Michael said:
I'm writing an application that requires an "intelligent merge" of 2
files. That is, equal data has a "preferred source" that I want to
write out. What I have works, I believe, but it seems horribly
cumbersome (having to set the input variables to ""...). Is there a
better way? TIA
while ((!feof(wf3)) || (!feof(wf1)))
This is the wrong way to check for end-of-file. Please
see Question 12.2 in the comp.lang.c Frequently Asked Questions
(FAQ) list at
http://www.eskimo.com/~scs/C-faq/top.html
Ditto.
This looks pointless. You're about to overwrite the contents
of WDBRec by using fgets() on it, so why do you care what's in it
beforehand? Perhaps this is an attempt to rescue the situation
after the unreliable end-of-file test -- if so, once you fix the
test you won't need this any more.
By the way, you didn't show us what WDBRec is. From the way
you're using it, it should be an array of char; a pointer to a
malloc'ed area would not work here.
if (fgets(WDBRec, sizeof(WDBRec), wf1) != NULL)
nic++;
}
if (!feof(wf3))
{
strcpy(DBERec, "");
if (fgets(DBERec, sizeof(DBERec), wf3) != NULL)
bic++;
}
dbeBib = atoi(copy(DBERec, 1, 5));
You haven't shown us what copy() is. I'm going to assume
that it copies the second through sixth characters (that is,
array elements [1] through [5]) into a six-char array somewhere
and appends a '\0'. Whether this works depends a lot on the
location and nature of that intermediate six-char array; see
Question 7.5 for a description of one all-too-frequent error.
(By the way, if fgets() didn't read anything, the second through
sixth characters will be the leftovers from the record prior to
the current one, if any.)
Despite its suggestive name, atoi() is not a very good way
to convert decimal strings to integers, not unless you're very
trusting of the source.
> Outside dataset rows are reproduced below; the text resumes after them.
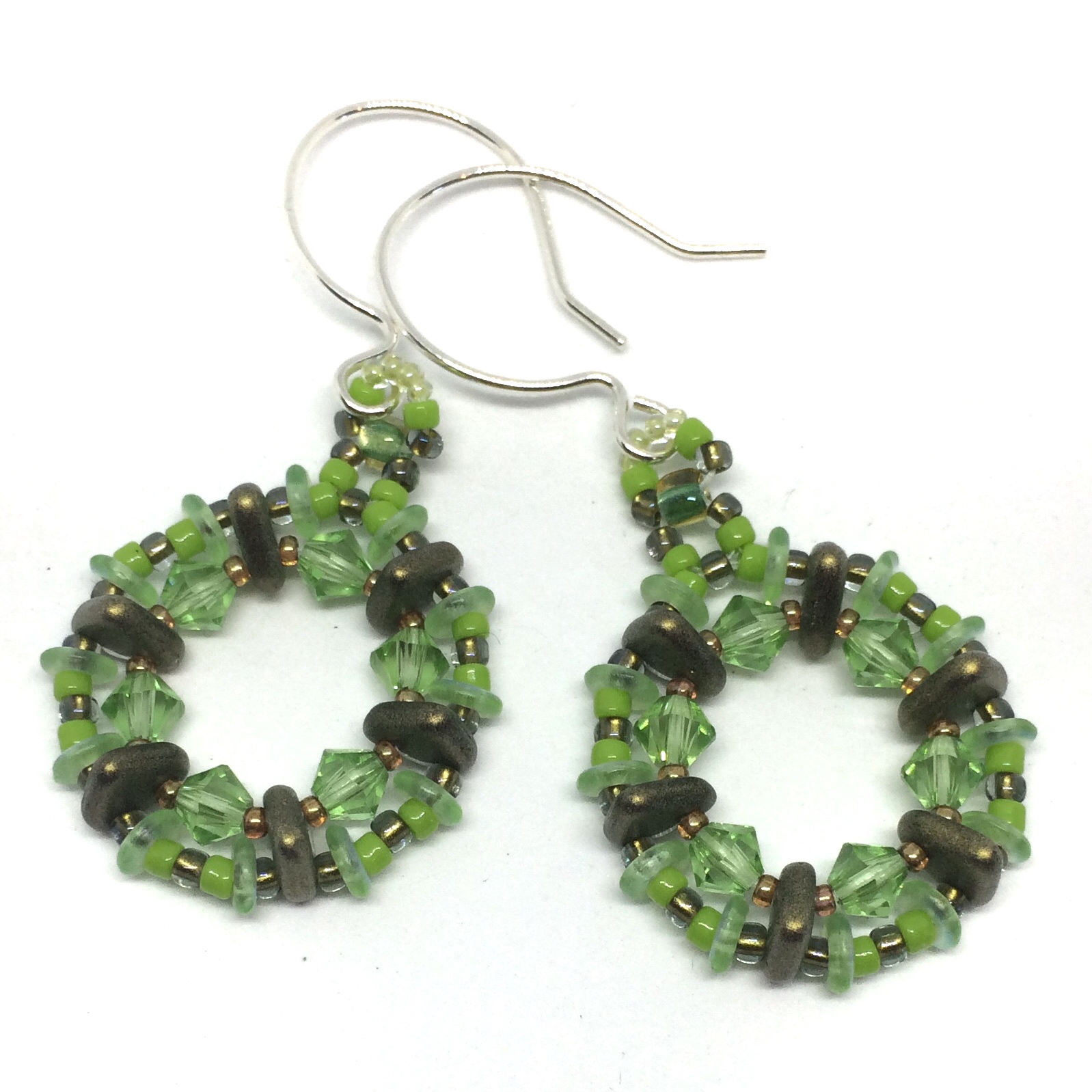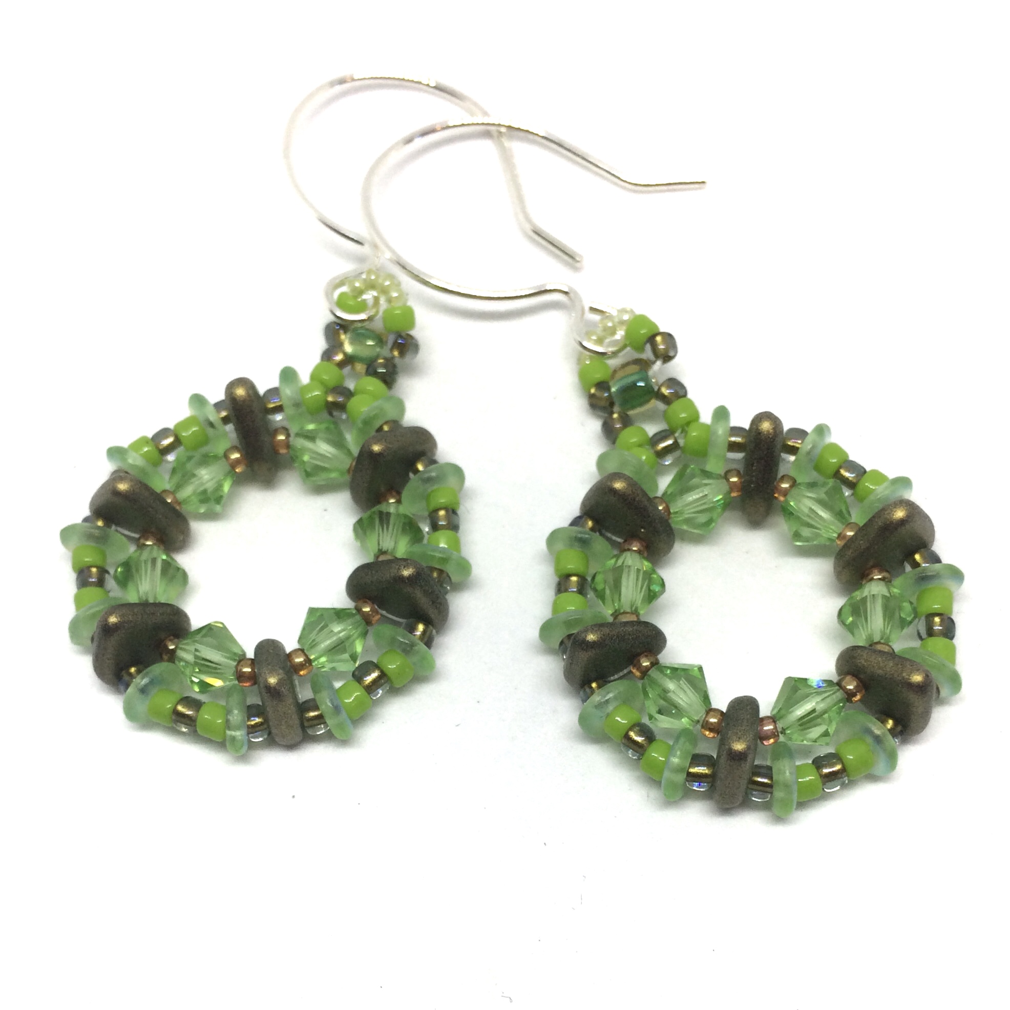 Lovely spring green is a favorite all year! Woven in a circle shape, I used Peridot color crystals with light green beads, and to create depth, I used bronze color triangles pointed forward.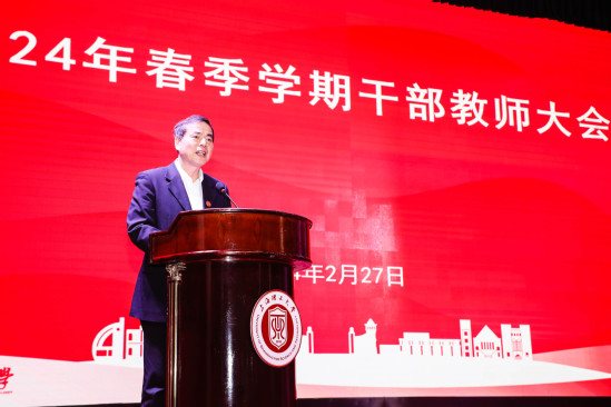 2月27日下午,學(xué)校在大禮堂召開(kāi)春季干部教師大會(huì),傳達(dá)學(xué)習(xí)2024年春季上海高校黨政負(fù)責(zé)干部會(huì)議精神,部署貫徹落實(shí)舉措及2024年學(xué)校黨政重點(diǎn)工作。
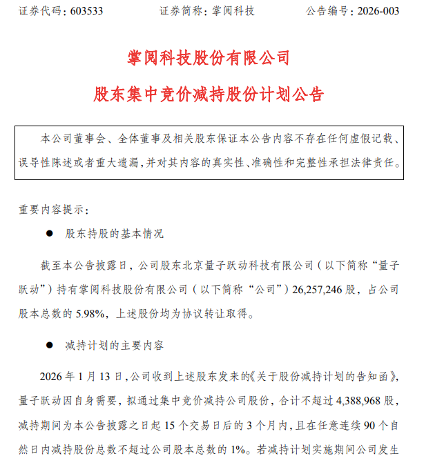掌阅科技股东量子跃动计划减持不超过1%股份快讯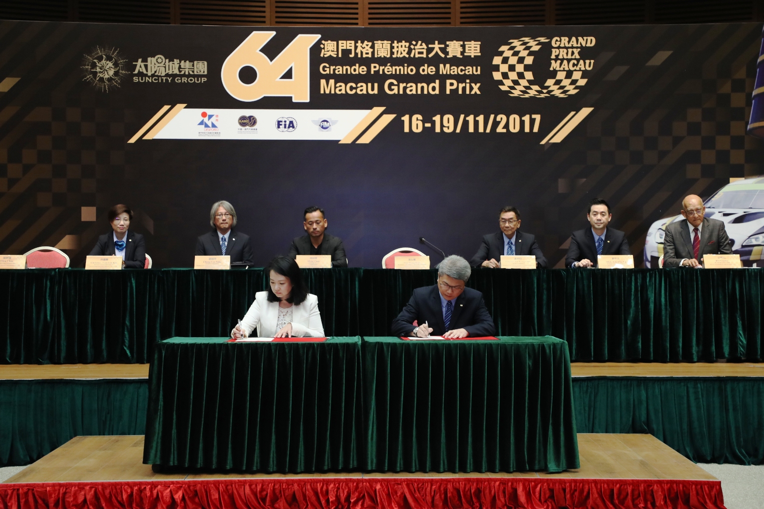 席間,澳門特別行政區政府體育局局長及澳門格蘭披治大賽車組織委員會協調員潘永權和太陽城集團行政總裁兼董事周焯華共同簽署贊助協議書並進行支票交接儀式。今年的賽事將正式命名為太陽城集團第64屆澳門格蘭披治大賽車,是太陽城集團連續第四年作為冠名贊助商。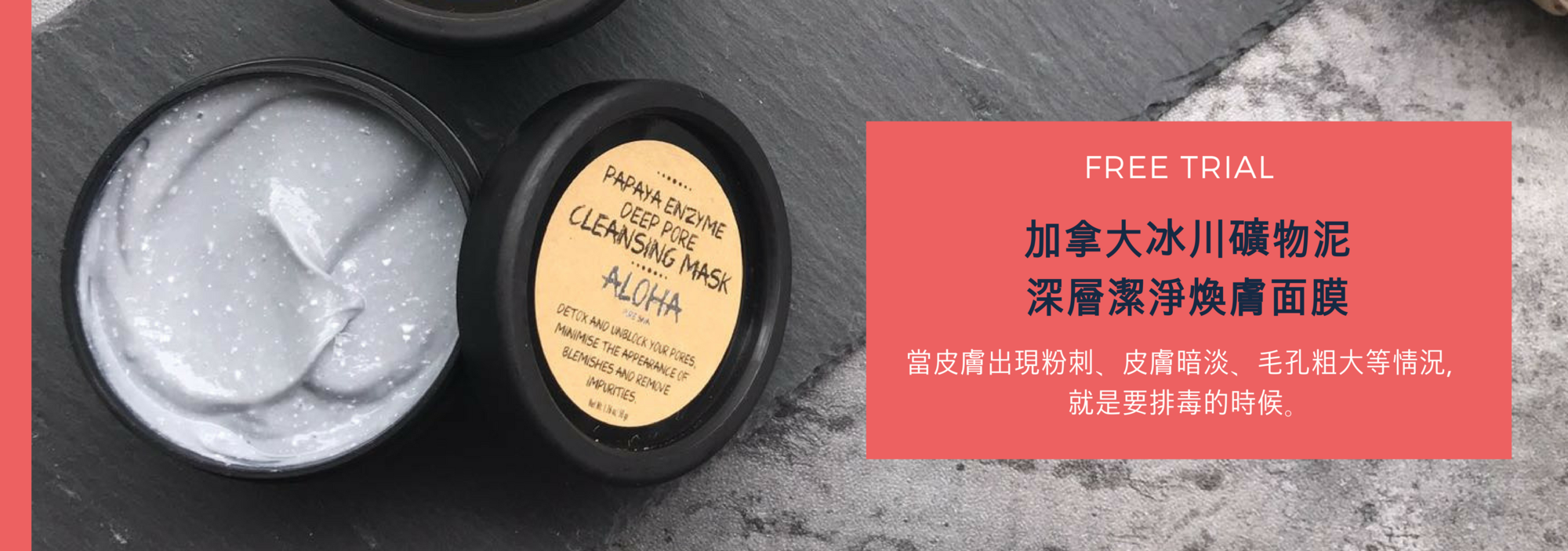 加拿大冰川礦物泥- 來自加拿大的冰川河泥, 可吸附皮膚及毛孔中的黑頭, 粉刺及多餘油脂; 有效清除老廢角質, 令肌膚更透亮, 有光澤; 含多種礦物成份, 幫助肌膚抗氧化, 收歛毛孔, 令肌膚更細緻柔滑

The problem is that it will happily
convert "123x5" to 123 and give no indication that the input
is in any way strange. It won't even detect "xyzzy" as in any
way peculiar (indeed, its behavior on "xyzzy" is completely
unpredictable). So unless you are very, very sure that the
input is valid, atoi() is a poor way to convert it. There are
at least three superior ways to proceed:
- Use strtol(), because it will do the conversion *and*
report any oddities it finds, in a predictable way.
- Use sscanf(). It's a little bit trickier than it looks,
but allows you to do without the copy() stuff:
if (sscanf(DBERec+1, "%5d%n", &dbeBib, &len) == 1
&& len == 5) { all's well } else { bad input }
The "%5d" converts no more than five digits (in case
additional digits follow the field of interest). The
"%n" tells you how many digits were actually converted
(it will set len to 3 if the input was "123xy"). And
if the "%5d" finds no digits at all ("xyzzy") sscanf()
will stop and return zero.
- If you're really sure the respective fields contain digits,
you can compare them as characters without converting at
all by using memcmp(DBERec+1, WDBRec+1, 5). However, this
may cause some surprises with non-digits: for example,
"01234" and " 1234" will be treated as unequal, and "-1234"
will be treated as less than "-9999". You'll have to decide
whether this is appropriate for your application.
wdbBib = atoi(copy(WDBRec, 1, 5));
if (wdbBib == dbeBib) // records match - defer to old data
{
if (dbeBib > 0)
I'm not sure what this test is for, unless perhaps it's
part of the rescue attempt for the incorrect end-of-file test.
If there really are actual non-positive numbers in the input,
it looks like this will eliminate them from the output. But
if you've got purely digit fields that can't be negative (though
"00000" would, of course, be zero), I think this test and the
others like it can simply go away once you fix the EOF handling.
{
writeToDBE(DBERec); buc++;
}
}
if (wdbBib < dbeBib) // work file data is new - write it
{
if (wdbBib > 0)
{
writeToDBE(WDBRec); nuc++;
}
else
{
if (dbeBib > 0)
{
writeToDBE(DBERec); buc++;
}
}
}
if (wdbBib > dbeBib)// prevailing old data - write it out
{
if (dbeBib > 0)
{
writeToDBE(DBERec); buc++;
}
}
} // while
You say you believe this works, but one thing that strikes
me as strange is that you read new input from *both* files every
time through the loop. (Until the botched EOF detection kicks
in, of course.) That doesn't seem right at all: If you get the
sequence "11111" "33333" "55555" from WDB while DBE provides
"22222" "44444", I'd expect you'd want to see all five of these
in the output -- but that's not what you're doing, and I'm not
sure whether it's accidental or intentional. Take another look.